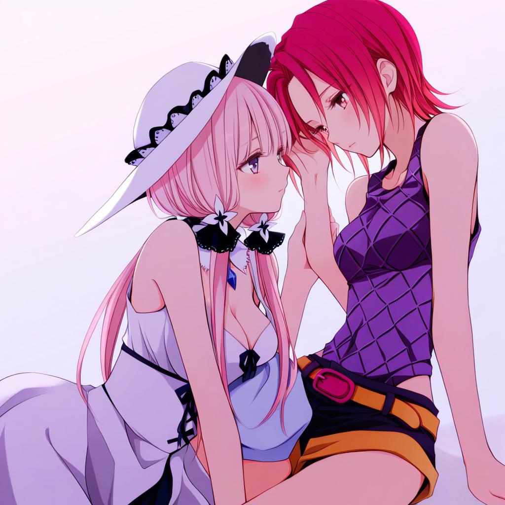 Hot pants (sbr), jojo no kimyou na bouken, 1girl, pink eyes, short hair, pink hair, red hair, hat, by artist takayaki, leet
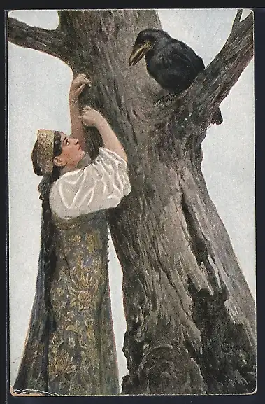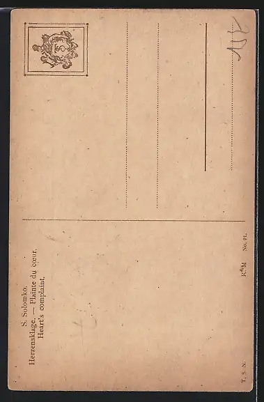 Künstler-AK S.Solomko: Herzensklage, junge Frau mit Rabe
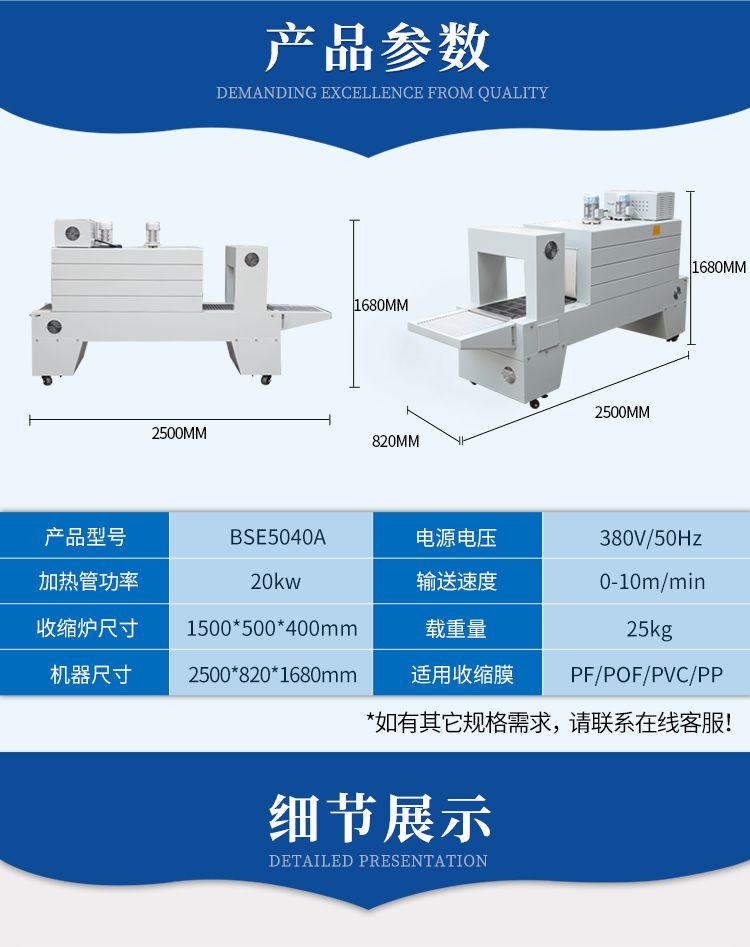 产品别名:BSE-6040A喷气式PE膜热收缩包装机
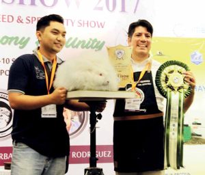 Yohanes Hermanto (kiri) dan juri kontes kelinci asal Amerika, Scott Rodriguez saat menerima penghargaan best in show. (Dok. Sugita Yohanes Hermanto
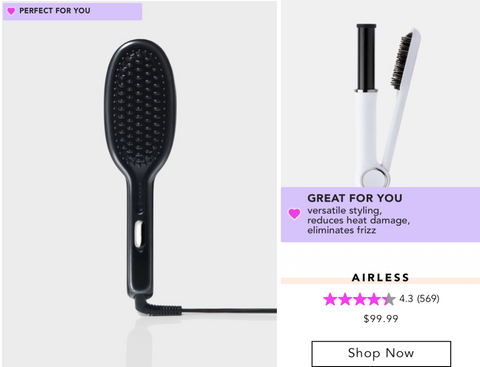 - Hair Quiz (click here): Dani’s going to ask you a series of questions about your hair type, how you like to style it, and what type of tool you’re looking for. Then she will provide some recommendations for styling tools, wet goods, and accessories for you.
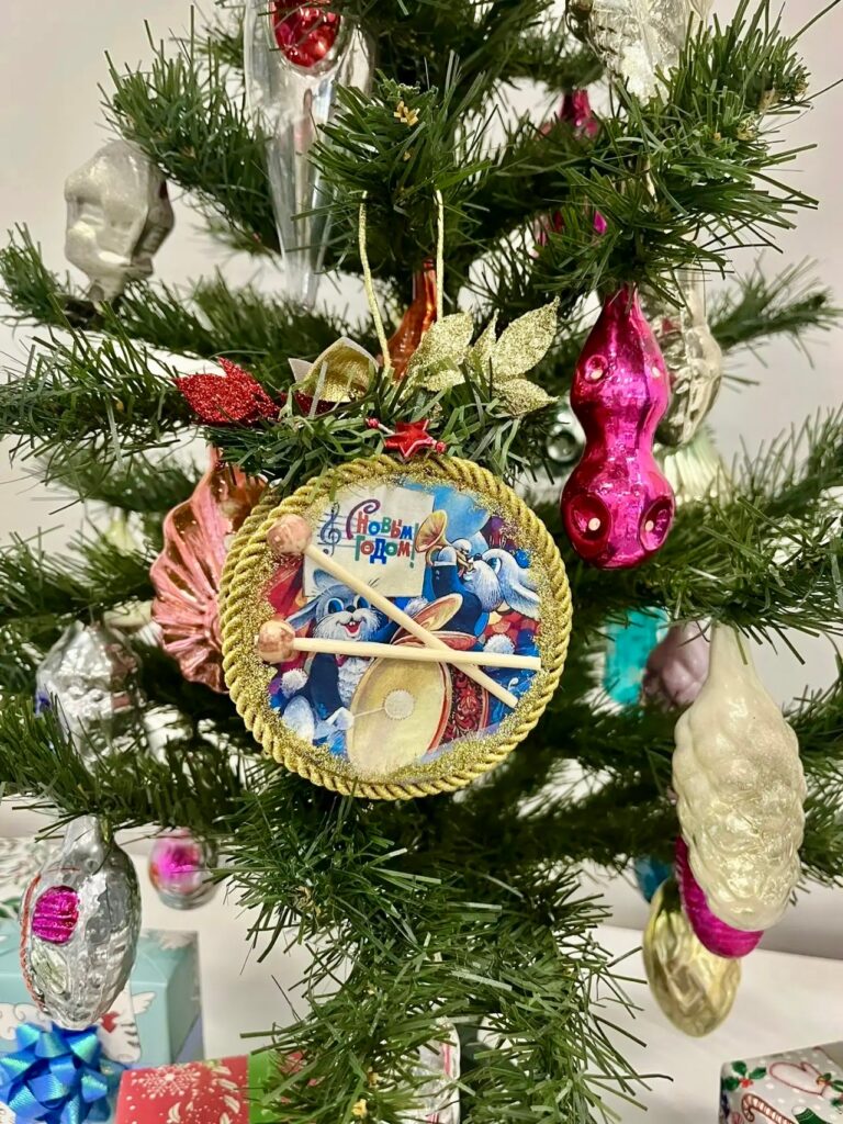 В музее уже прошёл мастер-класс, на котором ребята мастерили ёлочную игрушку «Новогодний барабан».
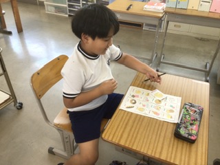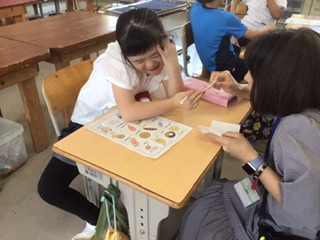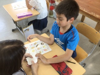 今日の外国語の授業は、食べ物ビンゴです。引いたカードに描いてある食べ物の呼び方を英語で確認した後、ますに丸つけをしていきます。cookie,candyなどの他に、bean daifukuのような和菓子も入った楽しいビンゴになっています。
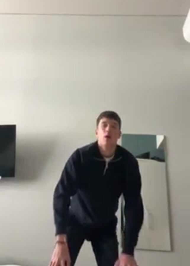 A young man in a dark blue, zip-up sweater and dark pants is standing on a bed. He is breathing heavily and looks straight ahead. Behind him is a white wall, a television on a stand, and a white cabinet with a mirror on the door. The room is well-lit. The man appears to have just finished some sort of physical activity.
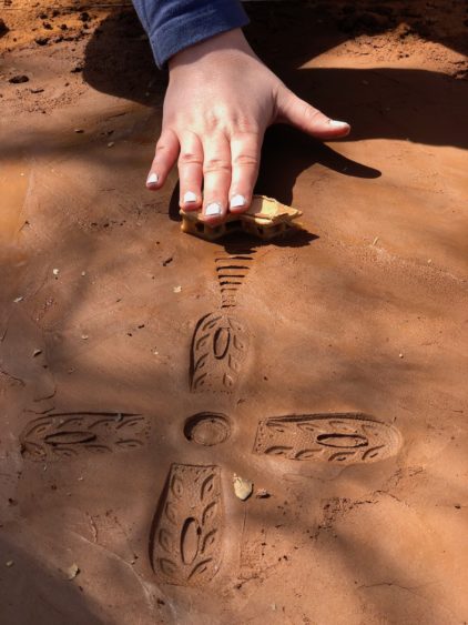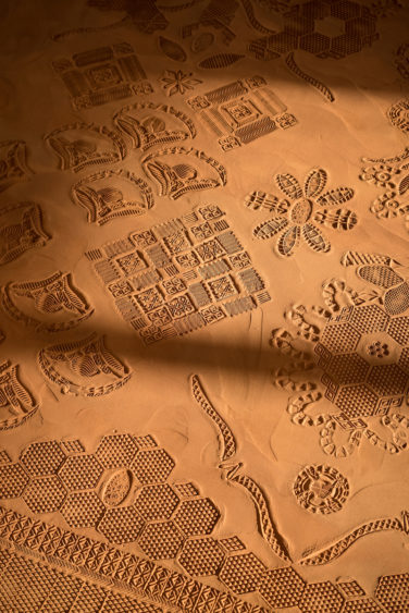 On it’s surface, Red Dirt Rug carries patterns of the midwestern landscape’s signature elements, such as cobs of corn, beehives, swallows, tractor tires and oil rigs all created by imprinting fragments cut from shoe soles. Carefully created marks that, when their origin is recognized, may mirror and even magnify not only the human presence, and the gesture of leaving a mark, but also our general ignorance to our footprint and its implications on the land and on future generations.
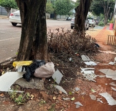 Entulhos deixados há meses em calçada da rua Interventor Manoel Ribas. Além de dificultar a passagem dos pedestres, passa uma imagem de desleixo em plena área central.
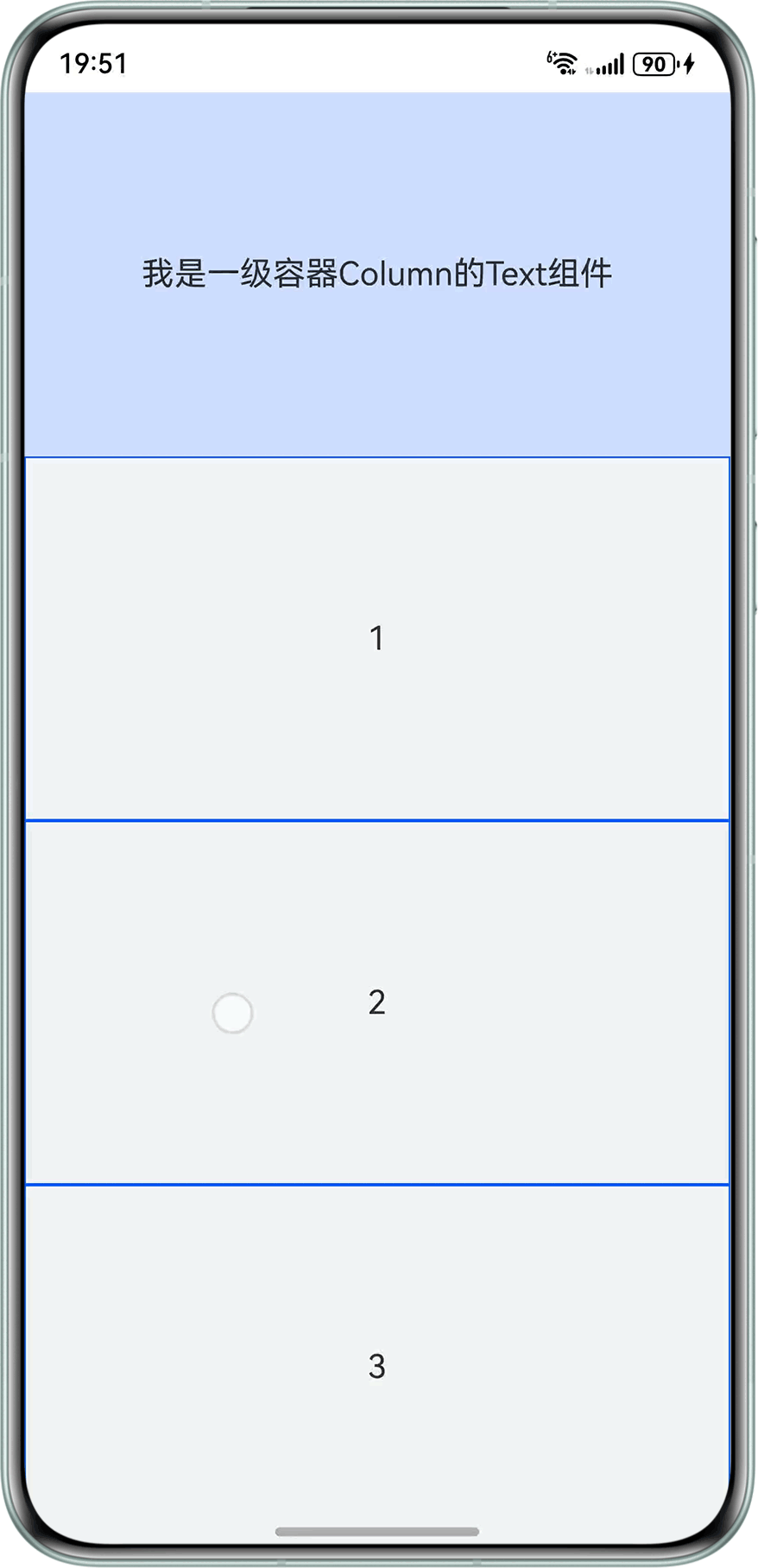 build() { Flex({ wrap: FlexWrap.NoWrap, alignItems: ItemAlign.Center, direction: FlexDirection.Column }) { Text('我是一级容器Column的Text组件') List() { // ... } } .height('100%') .width('100%') }
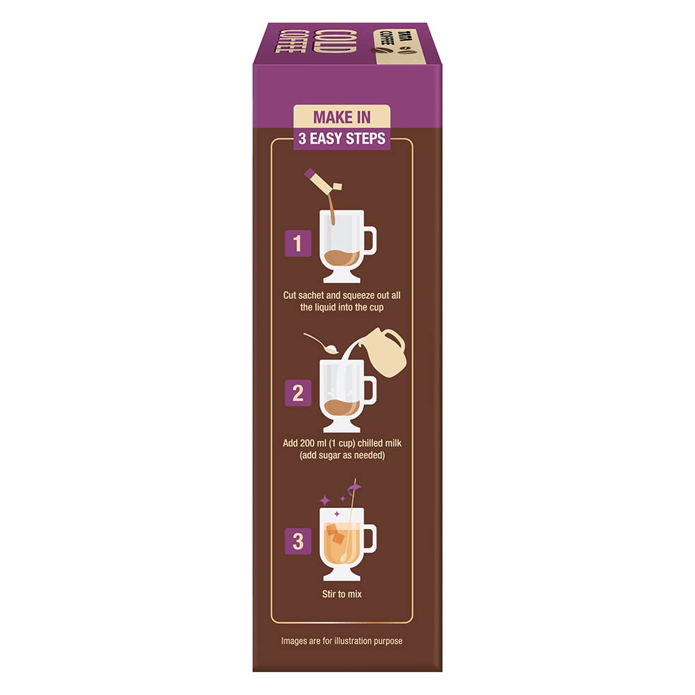 Tata Coffee brings to you a firstâofâitsâkind Cold Coffee Liquid Concentrate Range specially designed to make cafe-style delicious cold coffee that is so rich & creamy yet easy to make! Now you can enjoy a cafe-style coffee experience with Tata Cold Coffee Choco Mocha. It's everything you love about cold coffee. Explore the irresistible range of flavors Classic & Salted Caramel. USAGE INSTRUCTIONS: Make it in 3 easy steps. Cut sachet and squeeze out all the liquid into the cup. Add 200ml (1 cup) chilled milk (add sugar as needed). Stir to mix. STORAGE INSTRUCTIONS: No Shaker/Blender is required. Don't consume if the packet is puffed/leaky. Once opened consume fully.
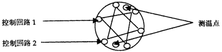 2.1.2采用雙回路或者三回路控制,測溫點(diǎn)均勻分布,視設(shè)備構(gòu)造情況而定,見圖3。這樣,可保證電源供電的均衡性,也可以保證溫控自如。
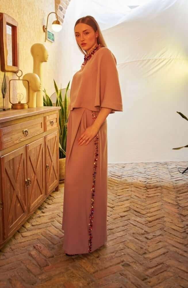 تبغين تخطفي كل الأنظار بس بدون ما تبذلين مجهود؟ طقم كريب وردي Bella ينسدل عليك بنعومة كأنه مفصّل على هدوءك وثقتك.. شغل يدوي فخم يوازن بين الرقي والبساطة ويخلي حضورك يتكلم عنك.
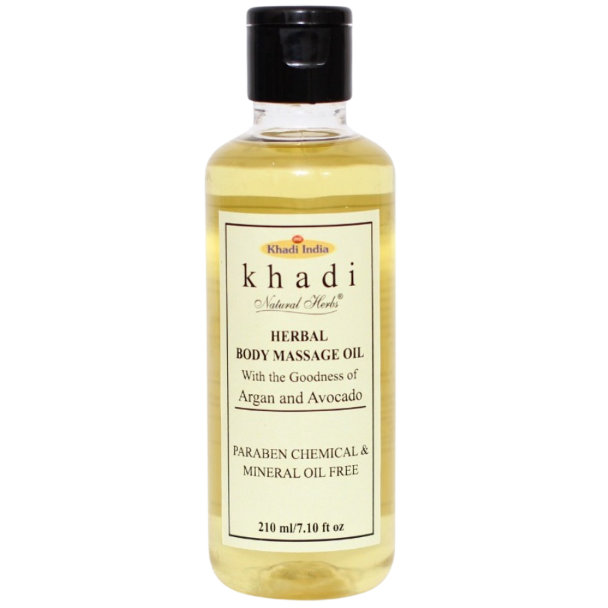 Khadi Natural Herbs Herbal Body massage Oil Argan with Avocado a soothing body oil that locks in moisture, deeply hydrates your skin and helps to reduce skin pigmentation. Pure & Natural Argon Oil, Avocado Oil, Cedarwood Essential Oil, Daruharidra. Paraben & Silicon free.
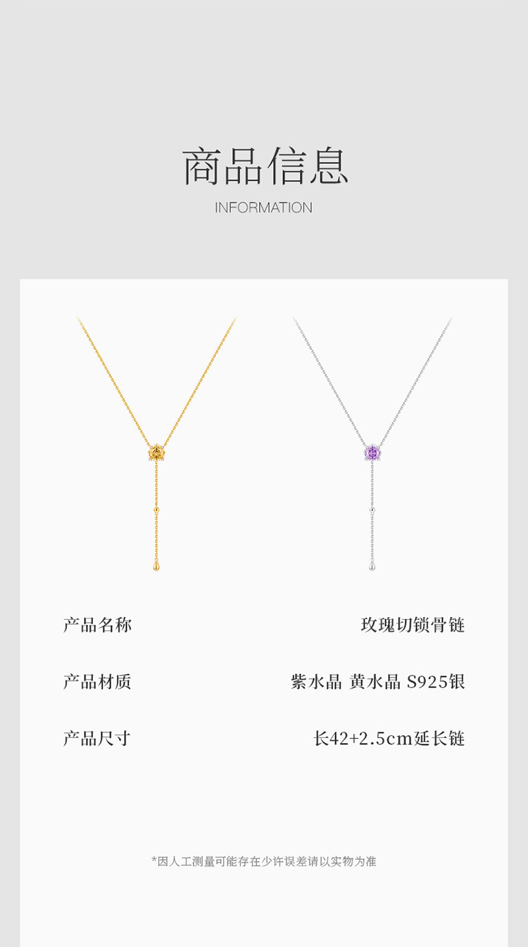 iSTONE Rose Cut White Crystal Necklace Topaz Sterling Silver Light Luxury High-End Amethyst Necklace

Assigned task | The expected output is an exact copy of the lines from the top of the data above through the line containing "On it’s surface, Red", both included, with every picture omitted.

Response to this task |
 Hot pants (sbr), jojo no kimyou na bouken, 1girl, pink eyes, short hair, pink hair, red hair, hat, by artist takayaki, leet
 Künstler-AK S.Solomko: Herzensklage, junge Frau mit Rabe
 产品别名:BSE-6040A喷气式PE膜热收缩包装机
 Yohanes Hermanto (kiri) dan juri kontes kelinci asal Amerika, Scott Rodriguez saat menerima penghargaan best in show. (Dok. Sugita Yohanes Hermanto
 - Hair Quiz (click here): Dani’s going to ask you a series of questions about your hair type, how you like to style it, and what type of tool you’re looking for. Then she will provide some recommendations for styling tools, wet goods, and accessories for you.
 В музее уже прошёл мастер-класс, на котором ребята мастерили ёлочную игрушку «Новогодний барабан».
 今日の外国語の授業は、食べ物ビンゴです。引いたカードに描いてある食べ物の呼び方を英語で確認した後、ますに丸つけをしていきます。cookie,candyなどの他に、bean daifukuのような和菓子も入った楽しいビンゴになっています。
 A young man in a dark blue, zip-up sweater and dark pants is standing on a bed. He is breathing heavily and looks straight ahead. Behind him is a white wall, a television on a stand, and a white cabinet with a mirror on the door. The room is well-lit. The man appears to have just finished some sort of physical activity.
 On it’s surface, Red Dirt Rug carries patterns of the midwestern landscape’s signature elements, such as cobs of corn, beehives, swallows, tractor tires and oil rigs all created by imprinting fragments cut from shoe soles. Carefully created marks that, when their origin is recognized, may mirror and even magnify not only the human presence, and the gesture of leaving a mark, but also our general ignorance to our footprint and its implications on the land and on future generations.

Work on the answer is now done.